Life sucks, and there literally is nothing I can do about it.
I'm 20 years old, and I'm stuck.
I live with my mother because I have to. Housing declares I must live with my mother for us to qualify for this house, and my mother refuses to find a new place just to cater to me, so I'm stuck.
I cannot get a real job according to housing, so I am forced to sit at home and do nothing but silly online commissions that bring me nothing, and to work a few hours a week at a local farm for a bit of spare change.
My mother works two days a week and milks the government for money, and won't work more because of it. She is an alcoholic, and wastes all of our food.
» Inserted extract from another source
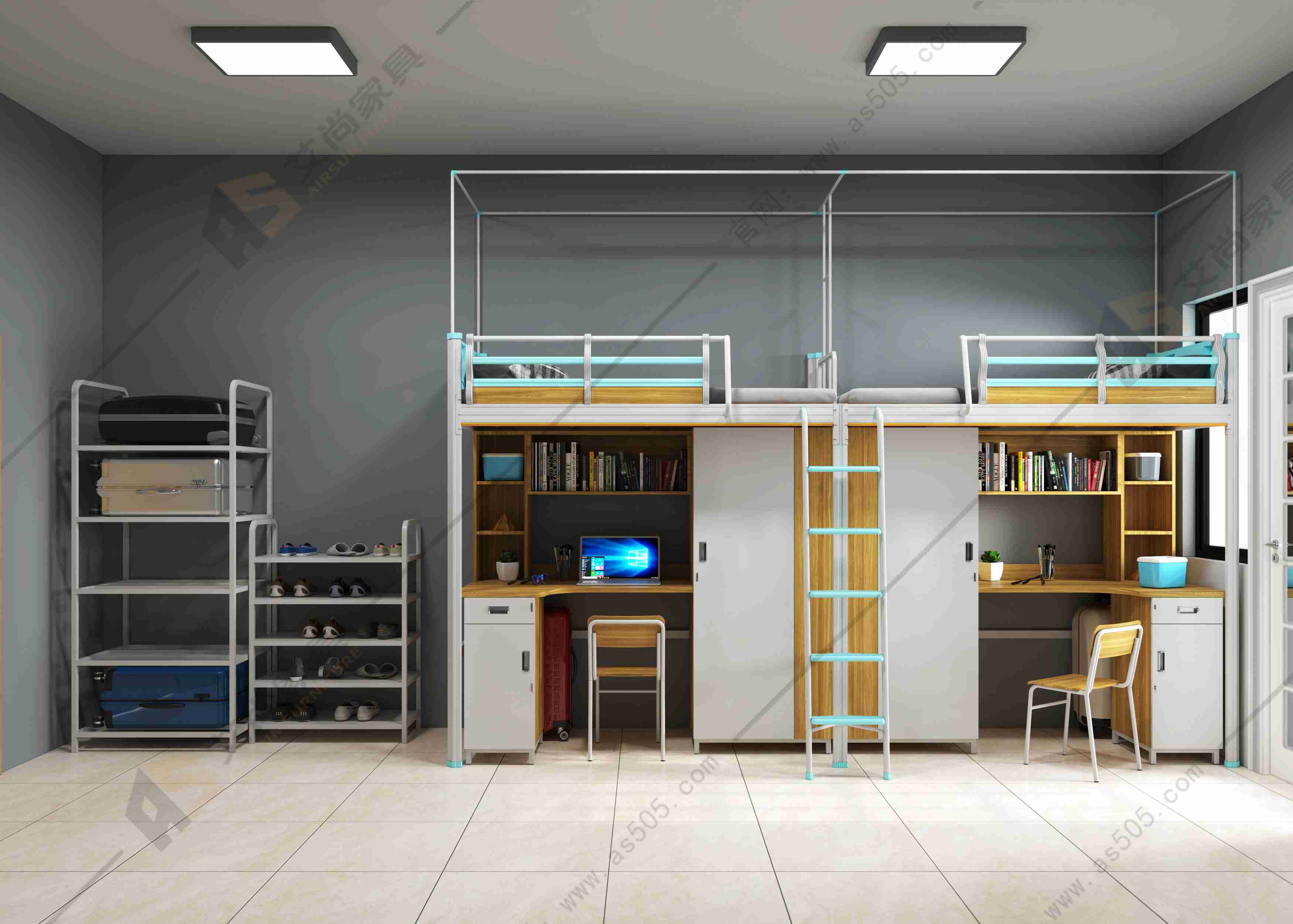 學生公寓床是宿舍床的多種類型之一。廣泛應用于學校、企事業單位等集體宿舍。學生公寓床通常采用床與柜的組合,一般包括床、書柜、衣柜、書桌等宿舍家具。書桌把書柜和衣柜連在一起。整體為立體空間組合,既節省空間,又整潔美觀。梯子在書架的一邊。梯子分為側梯、中梯和內梯,梯子的選擇可以根據實際空間距離及預算按需定制。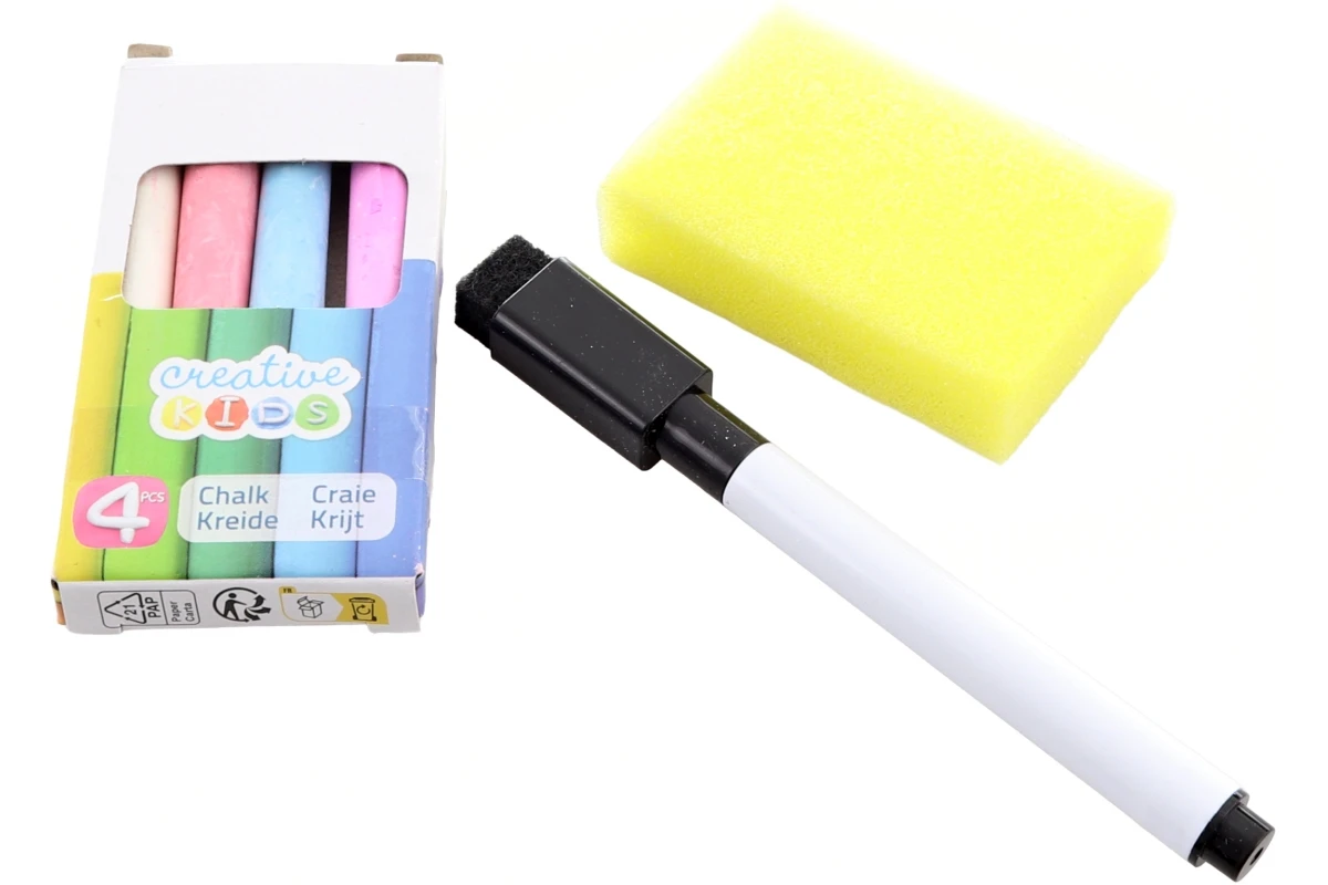 Balenie obsahuje 4 farebné kriedy, mazaciu fixu a hubku.

We have nothing in our fridge except for the one day a month we receive our foodstamps. She refuses to let me shop, and so she goes to the store to buy junk food and food that generally is eaten up as snacks. With two overweight and wasteful sisters, it's all gone.
Then, we live off ramen and food pantry food, which isn't very much.
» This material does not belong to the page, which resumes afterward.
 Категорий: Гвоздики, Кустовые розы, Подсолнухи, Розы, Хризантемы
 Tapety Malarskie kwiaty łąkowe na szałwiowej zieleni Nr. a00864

I was given a car for my birthday by some rich distant family member because he was going to throw it away, and it's in my mother's name.
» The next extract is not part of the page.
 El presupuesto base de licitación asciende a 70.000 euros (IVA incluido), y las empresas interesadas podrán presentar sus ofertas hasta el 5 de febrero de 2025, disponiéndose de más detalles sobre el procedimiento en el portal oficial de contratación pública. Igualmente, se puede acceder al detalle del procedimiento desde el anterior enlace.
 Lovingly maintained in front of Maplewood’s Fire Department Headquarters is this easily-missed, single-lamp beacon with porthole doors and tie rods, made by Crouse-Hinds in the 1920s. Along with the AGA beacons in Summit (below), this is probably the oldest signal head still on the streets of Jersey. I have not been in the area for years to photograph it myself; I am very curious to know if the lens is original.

I don't believe in smoking or drinking.
My mother recently broke her rib for the fifth time from driving drunk. She told me herself she's sore, but it's no big deal.
She has something wrong with the nerve in her leg, and can barely lift her right foot, although if it's for booze she'll run as fast as a greyhound.
So, she cannot drive. Although, she will steal my keys at any given time of day if and when she can find them.
She is so infuriating. She takes advantage of people, and pays little to no attention to what you believe in.
I have been dating my boyfriend for 6 years, and we plan on getting married. She wants me to dump him because she believes I should only "date" men for their money, to go on vacations, etc. This is not an assumption: She actually does this to others, and has told me this to my face, and thinks I'm stupid for wanting to settle down.
So, now I am obligated to get her the things she needs because she is homestuck.
I will go to the store ONCE per day, nothing more.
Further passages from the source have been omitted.